◆ Saved entries
··········

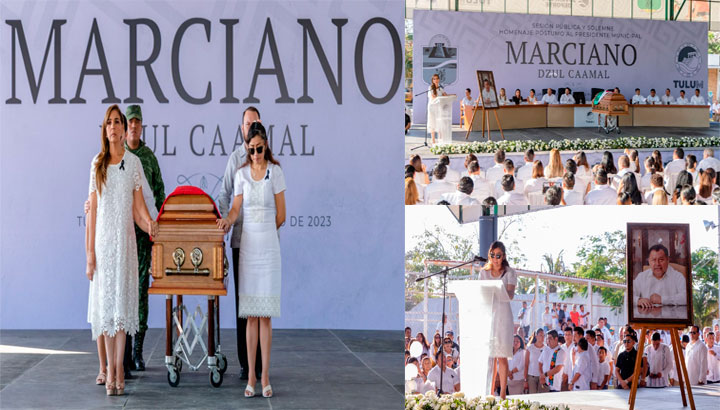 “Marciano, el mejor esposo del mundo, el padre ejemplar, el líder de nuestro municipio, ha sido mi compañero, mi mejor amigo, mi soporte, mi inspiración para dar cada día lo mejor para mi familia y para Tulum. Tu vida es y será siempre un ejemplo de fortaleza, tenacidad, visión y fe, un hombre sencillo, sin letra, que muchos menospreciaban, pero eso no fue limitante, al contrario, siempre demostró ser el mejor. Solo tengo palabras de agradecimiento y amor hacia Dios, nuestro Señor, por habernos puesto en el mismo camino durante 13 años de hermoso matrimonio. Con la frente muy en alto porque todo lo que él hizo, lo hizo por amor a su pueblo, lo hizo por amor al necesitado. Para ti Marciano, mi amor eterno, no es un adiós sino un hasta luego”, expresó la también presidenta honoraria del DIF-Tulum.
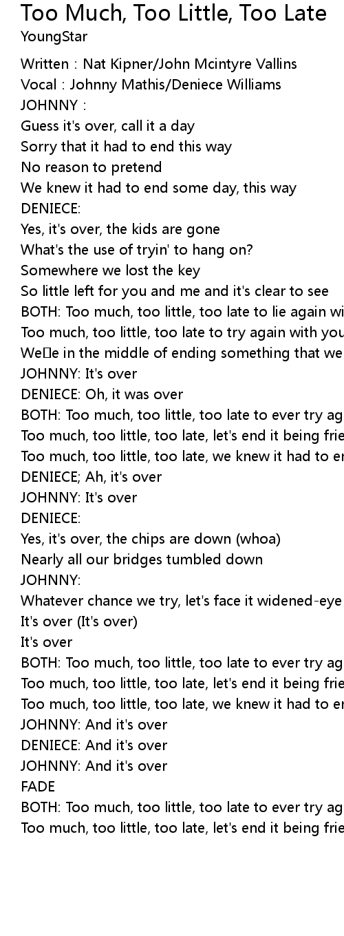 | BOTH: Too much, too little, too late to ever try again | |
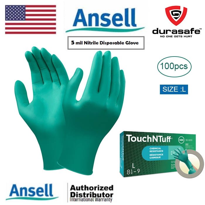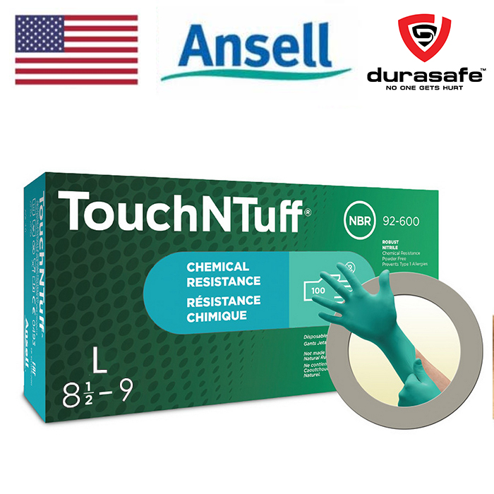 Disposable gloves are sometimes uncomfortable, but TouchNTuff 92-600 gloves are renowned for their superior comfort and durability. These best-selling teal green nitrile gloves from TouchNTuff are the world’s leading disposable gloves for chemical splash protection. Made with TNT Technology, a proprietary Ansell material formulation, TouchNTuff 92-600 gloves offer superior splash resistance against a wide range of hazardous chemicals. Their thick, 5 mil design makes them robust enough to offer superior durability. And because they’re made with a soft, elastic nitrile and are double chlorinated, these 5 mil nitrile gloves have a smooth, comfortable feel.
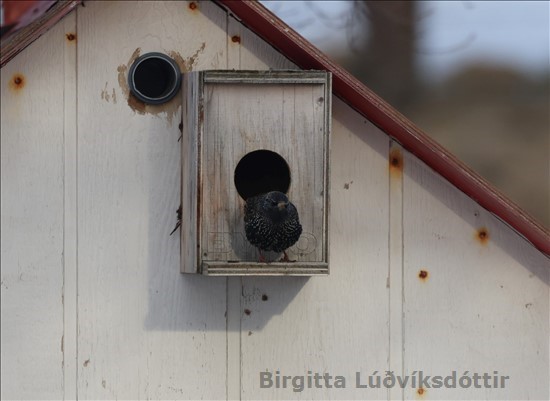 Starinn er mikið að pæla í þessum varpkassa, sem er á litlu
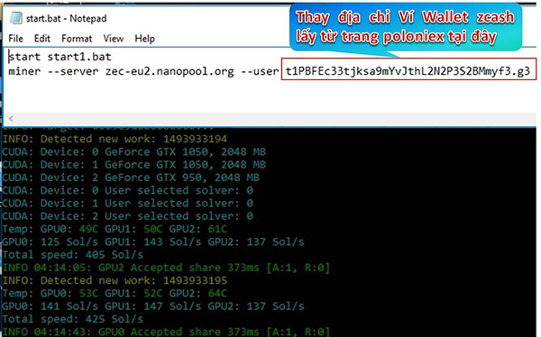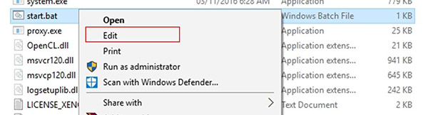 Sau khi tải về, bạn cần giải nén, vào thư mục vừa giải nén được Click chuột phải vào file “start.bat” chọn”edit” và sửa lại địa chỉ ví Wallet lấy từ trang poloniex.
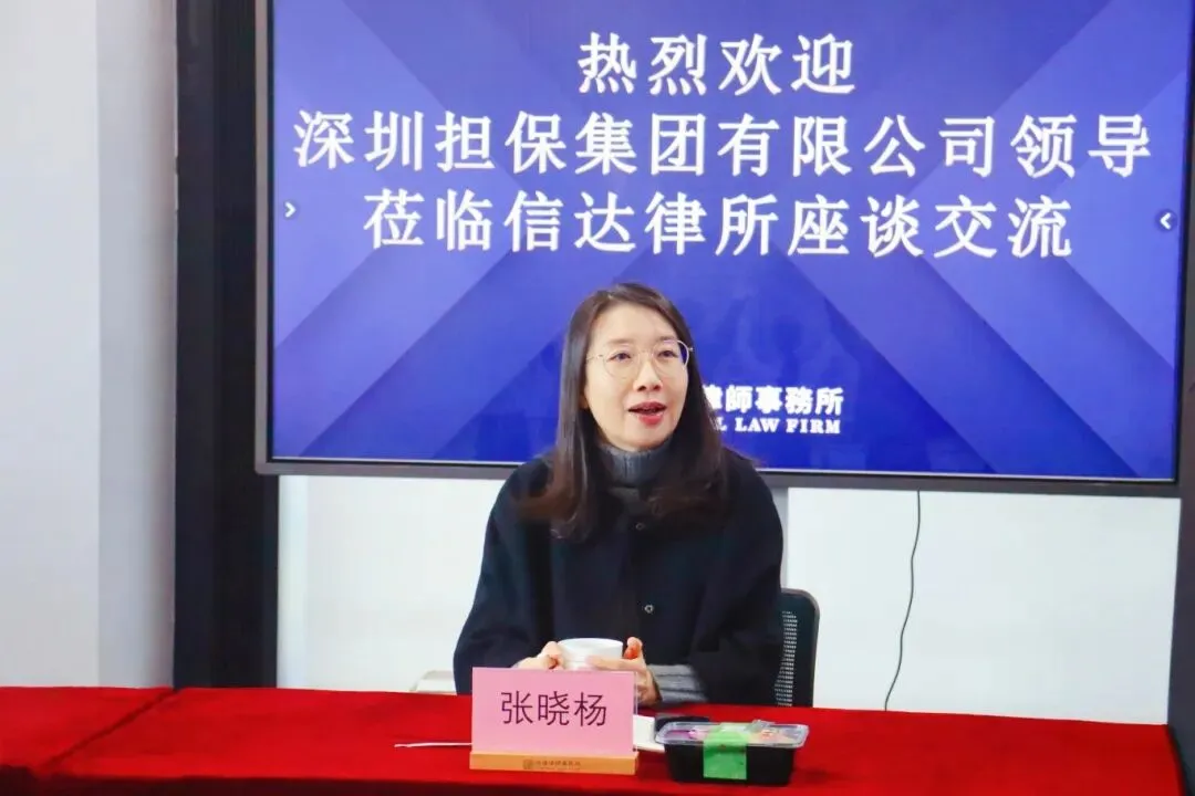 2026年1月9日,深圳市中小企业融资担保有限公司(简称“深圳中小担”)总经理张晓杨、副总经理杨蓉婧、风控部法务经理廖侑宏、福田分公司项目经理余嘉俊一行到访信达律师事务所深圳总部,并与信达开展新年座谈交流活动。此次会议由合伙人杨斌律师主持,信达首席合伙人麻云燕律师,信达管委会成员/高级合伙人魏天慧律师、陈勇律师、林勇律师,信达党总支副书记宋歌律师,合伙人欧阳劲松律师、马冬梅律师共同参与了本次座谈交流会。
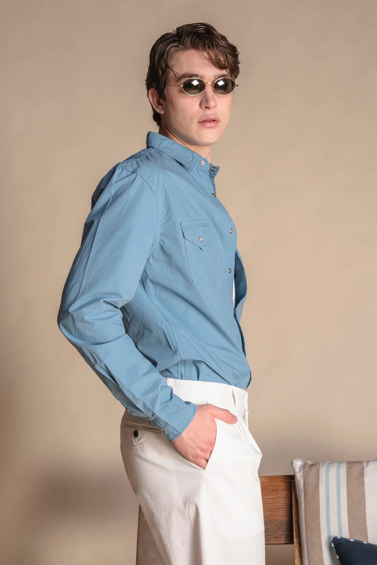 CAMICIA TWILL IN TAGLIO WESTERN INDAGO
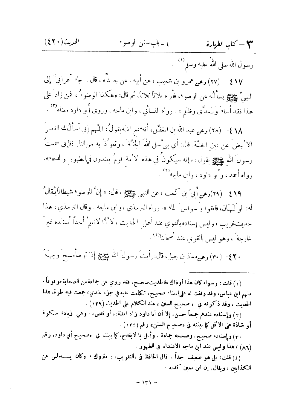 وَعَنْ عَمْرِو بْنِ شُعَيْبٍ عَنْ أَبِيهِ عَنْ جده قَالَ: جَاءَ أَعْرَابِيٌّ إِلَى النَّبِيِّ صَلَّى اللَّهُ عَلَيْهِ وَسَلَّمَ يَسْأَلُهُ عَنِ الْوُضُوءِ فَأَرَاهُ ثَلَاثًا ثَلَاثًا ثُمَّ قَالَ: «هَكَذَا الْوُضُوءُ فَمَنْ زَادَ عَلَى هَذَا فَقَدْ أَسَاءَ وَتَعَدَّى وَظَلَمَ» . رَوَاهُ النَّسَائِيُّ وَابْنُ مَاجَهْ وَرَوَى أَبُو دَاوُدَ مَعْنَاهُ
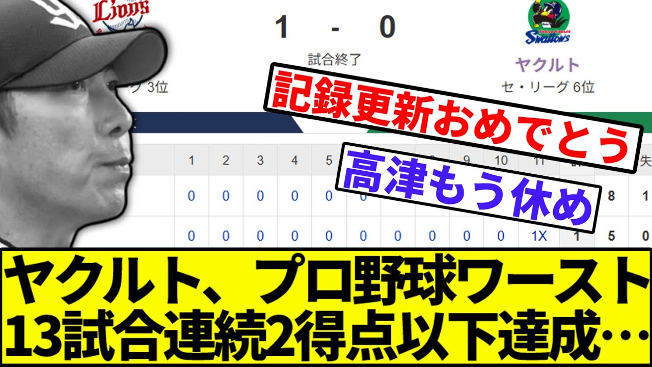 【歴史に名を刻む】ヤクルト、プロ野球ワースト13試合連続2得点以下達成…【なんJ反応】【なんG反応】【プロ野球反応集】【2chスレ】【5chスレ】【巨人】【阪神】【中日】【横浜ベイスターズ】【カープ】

··········

◆ Instructions to follow
Reprint every record exactly and skip the pictures.

◆ Output of the exercise
 “Marciano, el mejor esposo del mundo, el padre ejemplar, el líder de nuestro municipio, ha sido mi compañero, mi mejor amigo, mi soporte, mi inspiración para dar cada día lo mejor para mi familia y para Tulum. Tu vida es y será siempre un ejemplo de fortaleza, tenacidad, visión y fe, un hombre sencillo, sin letra, que muchos menospreciaban, pero eso no fue limitante, al contrario, siempre demostró ser el mejor. Solo tengo palabras de agradecimiento y amor hacia Dios, nuestro Señor, por habernos puesto en el mismo camino durante 13 años de hermoso matrimonio. Con la frente muy en alto porque todo lo que él hizo, lo hizo por amor a su pueblo, lo hizo por amor al necesitado. Para ti Marciano, mi amor eterno, no es un adiós sino un hasta luego”, expresó la también presidenta honoraria del DIF-Tulum.
 | BOTH: Too much, too little, too late to ever try again | |
 Disposable gloves are sometimes uncomfortable, but TouchNTuff 92-600 gloves are renowned for their superior comfort and durability. These best-selling teal green nitrile gloves from TouchNTuff are the world’s leading disposable gloves for chemical splash protection. Made with TNT Technology, a proprietary Ansell material formulation, TouchNTuff 92-600 gloves offer superior splash resistance against a wide range of hazardous chemicals. Their thick, 5 mil design makes them robust enough to offer superior durability. And because they’re made with a soft, elastic nitrile and are double chlorinated, these 5 mil nitrile gloves have a smooth, comfortable feel.
 Starinn er mikið að pæla í þessum varpkassa, sem er á litlu
 Sau khi tải về, bạn cần giải nén, vào thư mục vừa giải nén được Click chuột phải vào file “start.bat” chọn”edit” và sửa lại địa chỉ ví Wallet lấy từ trang poloniex.
 2026年1月9日,深圳市中小企业融资担保有限公司(简称“深圳中小担”)总经理张晓杨、副总经理杨蓉婧、风控部法务经理廖侑宏、福田分公司项目经理余嘉俊一行到访信达律师事务所深圳总部,并与信达开展新年座谈交流活动。此次会议由合伙人杨斌律师主持,信达首席合伙人麻云燕律师,信达管委会成员/高级合伙人魏天慧律师、陈勇律师、林勇律师,信达党总支副书记宋歌律师,合伙人欧阳劲松律师、马冬梅律师共同参与了本次座谈交流会。
 CAMICIA TWILL IN TAGLIO WESTERN INDAGO
 وَعَنْ عَمْرِو بْنِ شُعَيْبٍ عَنْ أَبِيهِ عَنْ جده قَالَ: جَاءَ أَعْرَابِيٌّ إِلَى النَّبِيِّ صَلَّى اللَّهُ عَلَيْهِ وَسَلَّمَ يَسْأَلُهُ عَنِ الْوُضُوءِ فَأَرَاهُ ثَلَاثًا ثَلَاثًا ثُمَّ قَالَ: «هَكَذَا الْوُضُوءُ فَمَنْ زَادَ عَلَى هَذَا فَقَدْ أَسَاءَ وَتَعَدَّى وَظَلَمَ» . رَوَاهُ النَّسَائِيُّ وَابْنُ مَاجَهْ وَرَوَى أَبُو دَاوُدَ مَعْنَاهُ
 【歴史に名を刻む】ヤクルト、プロ野球ワースト13試合連続2得点以下達成…【なんJ反応】【なんG反応】【プロ野球反応集】【2chスレ】【5chスレ】【巨人】【阪神】【中日】【横浜ベイスターズ】【カープ】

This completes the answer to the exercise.